Spanish motorcycle racer (1947–2017)

Ángel Nieto Roldán (25 January 1947 – 3 August 2017) was a Spanish professional Grand Prix motorcycle racer. He was one of the most accomplished motorcycle racers in the history of the sport, winning 13 World Championships and 90 Grand Prix victories in a racing career that spanned twenty-three years from 1964 to 1986, mainly competing in 50cc, 80cc and 125cc displacement classes respectively. His total of 90 Grand Prix victories ranks him fourth only to Giacomo Agostini (122), Valentino Rossi (115) and Marc Márquez (100). In 2011, Nieto was named an FIM Legend for his motorcycling achievements.

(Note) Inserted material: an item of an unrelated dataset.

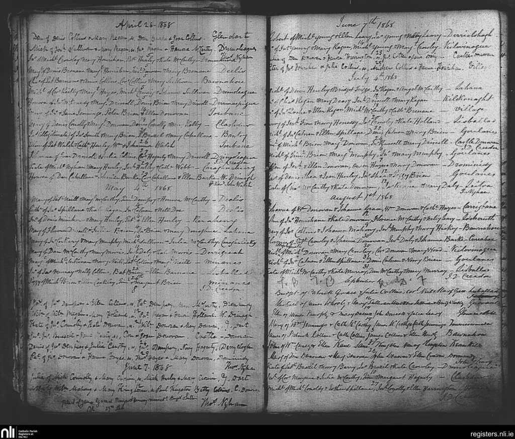 Drimoleague; County of Cork; Diocese of Cork and Ross. Baptisms, Apr. 1868 to Sep. 1868

==Motorcycle racing career==
Nieto specialized in racing small displacement bikes such as in the 50 cc, 80 cc and 125 cc classes but many fellow racers, including former world champion Barry Sheene consider him among the greatest motorcycle racers of all time. Though he was never successful at the world level racing in the larger displacements, he won Spanish National Championships in the 50 cc, 125 cc, 250 cc, 500 cc and 750 cc classes. He retired in 1986 at the age of 39 with a total of 90 Grand Prix victories and 13 World Championships. Due to his triskaidekaphobia, he preferred to refer to his championship tally as "12+1".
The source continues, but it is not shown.